Thursday, January 17, 2008

miracle of modern medicine marketing

Redeeming my $10 Award at Vitamin Shoppe last night (doing my part for the CRM side) I noticed this product displayed at the register. I'd just spent the day tweaking copy to adhere to FDA guidelines which are impressively strict regarding pharmaceuticals--the drug I was writing about actually does work for most people, but because 1 person in 100 might not find it effective I must say "may result in the appearance of symptom relief" instead of "will relieve symptoms."

So how can a medicine get away with an unequivocal promise to relieve jet lag entirely?

Because technically, it's not a drug. It's a homeopathic medicine. Advertisers don't have to prove that their homeopathic remedies actually work. They only have to show that their remedy has a history of being used to treat a condition. The FDA allows homeopathic products to be sold as long as specific health claims are not made in advertising or on product labels.

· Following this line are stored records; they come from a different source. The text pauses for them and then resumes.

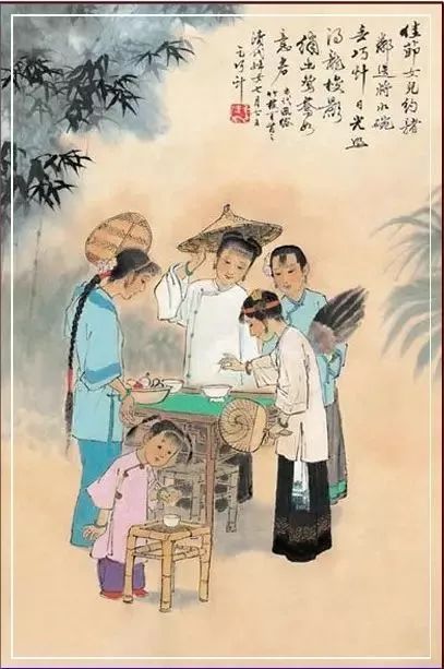 女子望着月亮穿针引线,然后将小蜘蛛和针线放在盒子里,等到明天再去观看,如果里面结成的网是圆的,就说明得到了织女的护佑,能够成为一个心灵手巧的女子。
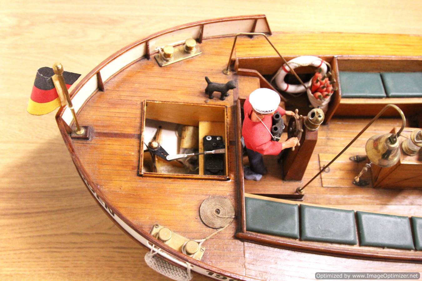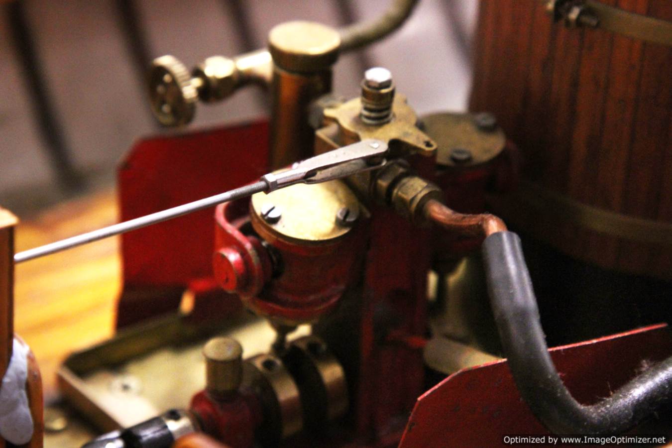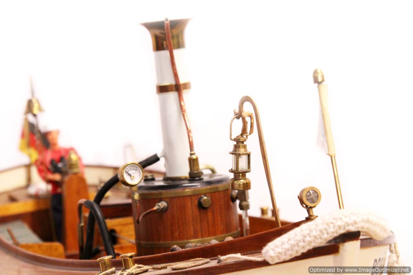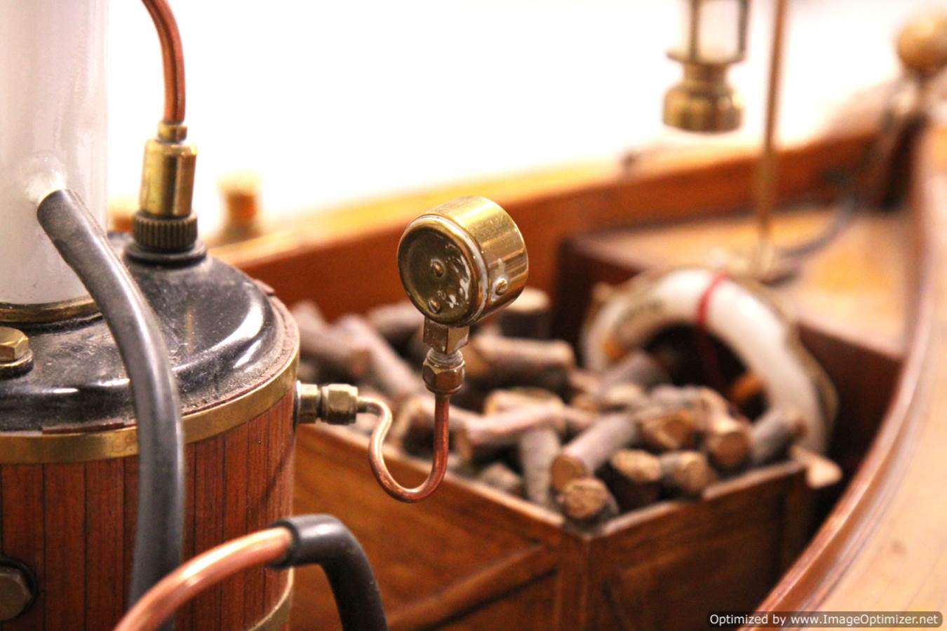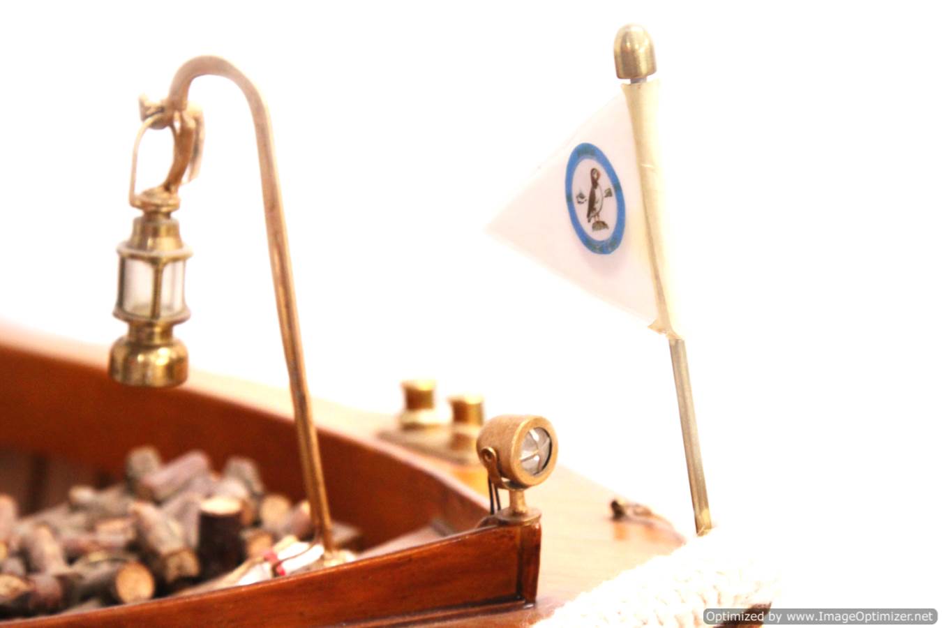 Measuring 35" in length and 13" across the beam, this model is made from a fibreglass hull with a hardwood and balsa wood stained deck, the hull being finished in white and red and lined with black. There is a propane burner situated in the bow of the boat, that feeds the vertical boiler by Cheddar Models. The engine is a Twin cylinder driving a single prop with 4 blade brass propeller. The RC operates servos to control both the regulator and the rudder. This is a nicely detailed model, supplied with a transportable stand, and a boxed Futaba 4YF Control Unit, with previous Boiler Test Certificate Dated 2005 when the model was last played with.
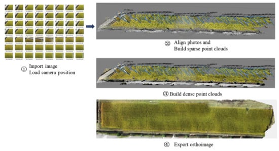 PhotoScan Pro can generate high-resolution orthoimages with real coordinates and DEM models with detailed color textures. We import the images collected by the drone into this software for orthoimage generation. In the work process, according to the software prompts, we proceed to the generation of orthophotos of rice. Generating mature rice orthoimage maps has four steps: (1) raw mature rice image alignment and mosaicking; (2) sparse point cloud and mesh generation; (3) dense point cloud; and (4) orthoimage rice map export. Steps 1–4 were implemented in Agisoft Photoscan Pro software, as shown in Figure 2, which was based on the structure from motion (SfM) algorithm [].
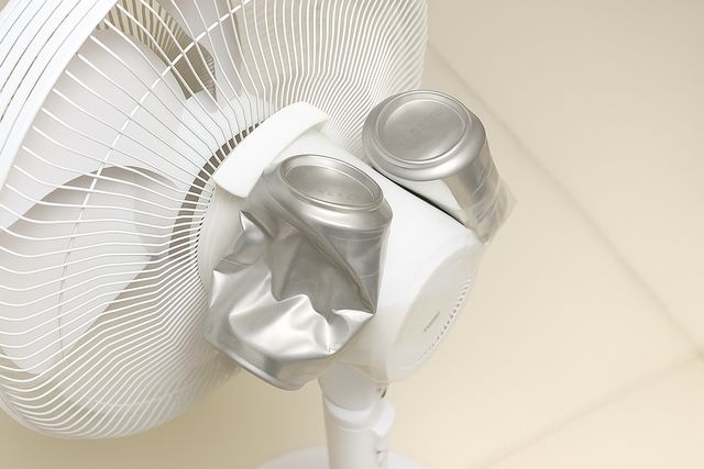 또 다른 방법으로는 다 마신 음료수 캔을 재활용하는 것이다. 빈 알루미늄 캔을 적당히 눌러서 모양을 변형시킨 후 선풍기 모터 부분 위에 올려놓으면 캔이 모터에서 발생하는 열을 흡수해 더 시원한 바람을 만들어낸다.
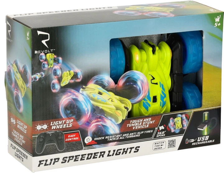 Zdalnie sterowany samochód Revolt Flip Speeder łączy szybkość, zwrotność i wytrzymałość. Gumowe koła o średnicy 7 cm z podświetleniem zapewniają dobrą przyczepność oraz efektowny wygląd po zmroku. Pilot o zasięgu do 30 m i częstotliwości 2,4 GHz gwarantuje stabilny sygnał bez zakłóceń. Akumulator 3,7 V 500 mAh umożliwia do 15 minut zabawy po 90 minutach ładowania.

It appears as if No-Jet-Lag is promising no jet lag, but according to FDA guidelines, it isn't. No-Jet-Lag isn't a claim, it's the name of the product. On the back of the package, product copy states it's "for the relief of tiredness associated with air travel." But my guess is, if No-Jet-Lag was regulated as other medicines are, they'd be prohibited from making their name a product-promise that's printed no less than eight times in huge type on a package the size of a box of Chiclets.

Impulsively,(it might work!) I threw a pack in my bag and was stunned that it added $11.99 to the bill. Whoever's making this stuff must be raking it in.

When I got home, I looked up the manufacturer on the web. Miers Laboratories is in New Zealand where it makes an array of other miracle medicines, too: Drink Ease, for hangovers. Femme Ease which somehow relieves not only menstrual problems, but infections, PMS, even fibroids. And No-Shift-Lag which purports to relieve night shift workers of increased irritability, moodiness, sensitivity, defensiveness, forgetfulness and/or constipation that comes from late shifts.

They don't sell that one here. But you could probably web order.


Irene Done said...

Is this the same loophole situation that allows all those male enhancement remedies to advertise? Enzyte's "Bob" campaign is hilarious but the claims are hilariously outlandish. Last I read, Enzyte's maker was being sued for mail fraud -- but not for lying in an ad.

Alan Wolk said...

It is amazing how overregulated the pharma industry is -though those "fair balance" warnings have become wallpaper we just tune out, so how effective are they really?